Hi !
I am deploying a jupyterhub instance, with custom authenticator (using cookies created by an external service to authenticate user, by querying the external service) and custom spawner (podman-based, hand-made to handle many use-cases specific to my organisation such as access levels and shared dirs).
Everything is fine, except one bit : users get disconnected every few minutes.
Base problem
After 3 minutes using her personnal server (single-user notebook, run with podman with an image created from the quay dot io at URI /jupyter/datascience-notebook image), whenever the user tries to load or save a file, the operation fails with a popup : “File Save Error for demo.ipynb” is the bold title, “Forbidden” is the only text, and may be closed with a dismiss button.
When trying to load a file, the bold title is “File Load Error for demo.ipynb”.
By refreshing the page, user loose its (thus) non-saved work, but on the bright side, problem is gone for another 3 minutes.
The problem concern all users, and is found to be independant of other users. (each user get 3mn, whatever the others are experiencing)
Workarounds
It soon appears to us that, if the user go to its lab in another tab of her browser, the problem disappear in the original tab. Files may be saved again, everything is fine for 3 new minutes.
The workaround was simple : use a web extension to automatically, every 3mn, refresh that /hub/home endpoint. That does not please me, as it require an external program that is installed in a very dirty way to bypass organization cybersecurity rules. I cannot rely on that solution for a wannabe official tool.
Observations
I investigated this problem, and i’m running out of idea on how to progress on this issue. But i have some things to point out for someone to help me identify the root cause.
Cookies
When the bug appears, in the notebook (/user/0147user/lab/tree/demo.ipynb for instance), i observe 4 cookies (5 with the one setted by the external authentication service) :
- 2 _xrsf cookies, slithly different in value. Both have domain equal to jupyter.domain.tld, but path differ (/hub/ and /user/0147user) so is expiration (around one day after now, ans Session).
- jupyter-hub-login (jupyter.domain.tld and /hub/)
- jupyter-hub-session-id (jupyter.domain.tld and /)
But when the notebook is in functionnal state (before the problem arise or after applying the workaround and until the problem arise again), a supplementary cookie exists :
- jupyerhub-user-0147user (jupyter.domain.tld and /user/0147user, expiration set in about one day)
That particular cookie is deleted at the very moment the bug arise, and reappear when the workaround is applied.
I would guess that the cookie is necessary for the notebook to identify itself to the hub, but it is destroyed before having a chance to be updated.
Logs
The cookies disappear at the same time as the following two logs appears in jupyterhub logs :
[W 2024-07-19 13:25:21.780 JupyterHub log:192] 403 GET /hub/api/user (@127.0.0.1) 3.10ms
[W 2024-07-19 13:25:21.782 JupyterHub log:192] 403 GET /hub/api/user (@127.0.0.1) 1.07ms
(even in debug mode, i don’t have more log lines at that moment)
A 403 on /hub/api/user, with @127.0.0.1 as host.

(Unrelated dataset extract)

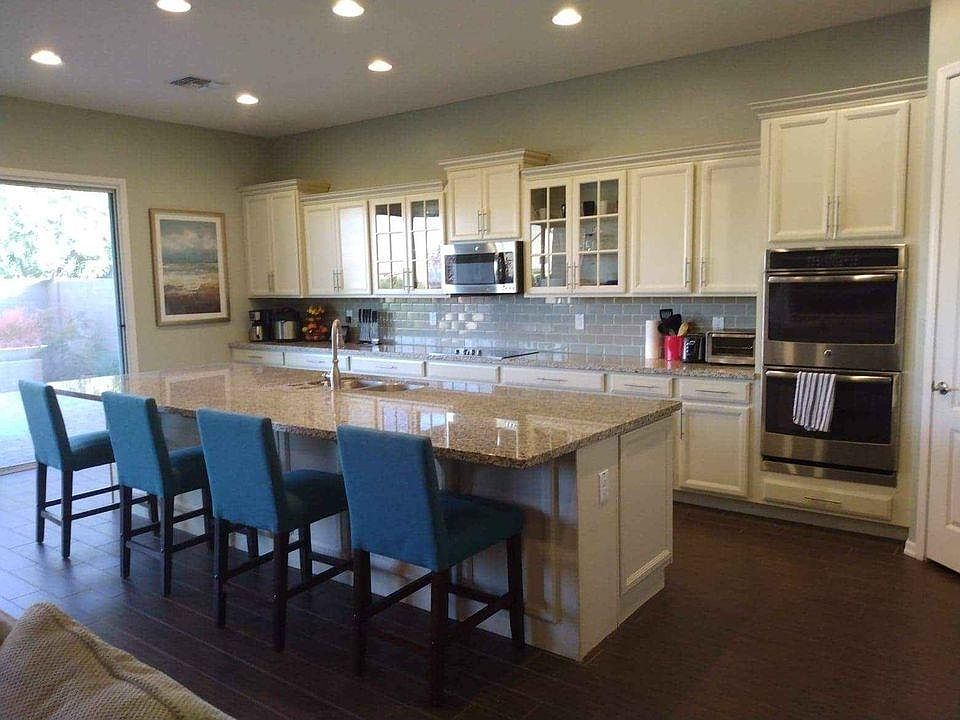 **Rent to Buy Applicants Welcome Incredible opportunity to live in a stunning and meticulously maintained serene lot location in coveted La Valenciana gated community. This home is warm, bright, clean, and inviting. The gourmet kitchen and great room space is enormous with a 14' long kitchen island, 10' ceilings. The house includes a large home office/flex room with dual French doors, a beautiful backyard, gas fire pit, and high end finishes throughout! New carpet to be included throughout the home as well for new tenants. Landlord also covers the solar mortgage which saves over half the electricity cost! 3 of the 4 bedrooms have en suite (in room) full sized bathrooms with recently updated decorative walls and paint. La Valenciana is situated in a very safe gated community in a prime East Valley location, 1 mile north of the 202 freeway, and within 3 miles of both Chandler and Gilbert downtowns. If you enjoy scenic bike riding and daily running, the popular 25 mile long Paseo Canal Trail is right across the street of the subdivision. Owner pays for HOA dues, streamable Sling TV, landscaping, and solar mortgage (saves $200+ per month during summer. Bills average $50 during winter). Tenant covers electricity in excess of solar generation, gas, water, sewer, trash, and internet

That kind of request behave normally in many other cases, such as :
[I 2024-07-19 13:20:19.821 JupyterHub log:192] 200 POST /hub/api/oauth2/token (0147user@127.0.0.1) 19.98ms
[I 2024-07-19 13:20:19.791 JupyterHub log:192] 302 GET /hub/api/oauth2/authorize?client_id=jupyterhub-user-0147usera&redirect_uri=%2Fuser%2F0147user%2Foauth_callback&response_type=code&state=[secret] -> /user/0147user/oauth_callback?code=[secret]&state=[secret] (0147user@10.67.70.73) 11.82ms
[I 2024-07-19 13:59:38.799 JupyterHub log:192] 200 GET /hub/api/user (0136user@127.0.0.1) 2.77ms
Difference is in host : <user>@127.0.0.1
works, but @127.0.0.1
do not. I do not find any counter-example.
My uneducated guess is that jupyterhub want to know about users (probably before calling refresh_user function), and for that tries to join the dedicated endpoint. But is doing so without indicating any explicit user, which for a reason or another is getting it refused (hence 403 forbidden).
I do not know how to test nor investiguate further that hypothesis.
A piece of code
I cannot share the whole codebase easily, but i may provide you some lines that happen to be very similar.
VaultAuth
from jupyterhub.auth import Authenticator
from traitlets import Unicode, Dict
from org import UserInfo
class VaultAuthenticator(Authenticator):
vault_addr = Unicode('netaddr', help="address of the remote vault instance", config=True)
vault_token_cookie = Unicode('vault_token', help="name of the cookie containing the vault token", config=True)
def _user_info(self, user: UserInfo) -> dict:
return {
'name': user.username.lower(),
'auth_state': user.as_json()
}
async def authenticate(self, handler, data):
if auth_token := handler.get_cookie(self.vault_token_cookie):
if user := UserInfo.from_token(auth_token, self.vault_addr):
if user.is_valid():
self.log.info(f'AUTH USER: {user.name} {user.token[:5] + "*"*len(user.token[5:-5]) + user.token[-5:]} until {user.expire_at}')
return self._user_info(user)
# not logged or not authorized
handler.redirect('auth.domain.tld/user')
def is_admin(self, handler, authentication) -> bool:
"No admin here"
return False
async def refresh_user(self, user, handler=None) -> bool:
"""disconnect the user if her vault token has expired
Returns
True -- user is valid as-is
dict -- user needs update with the following values
False -- user needs to login again
"""
assert handler, handler
auth_token, vaultuser = None, None
if auth_token := handler.get_cookie(self.vault_token_cookie):
if vaultuser := UserInfo.from_token(auth_token, self.vault_addr):
if vaultuser.is_valid():
self.log.info(f"USER {user.name} IS OK: {vaultuser}")
state = await user.get_auth_state()
assert isinstance(state, dict), state
curr_token = state.get('token')
if curr_token == auth_token:
self.log.info(f"USER token did not change and is still valid ; everything is ok")
return True
else:
self.log.info(f"USER token has changed ; will update user now")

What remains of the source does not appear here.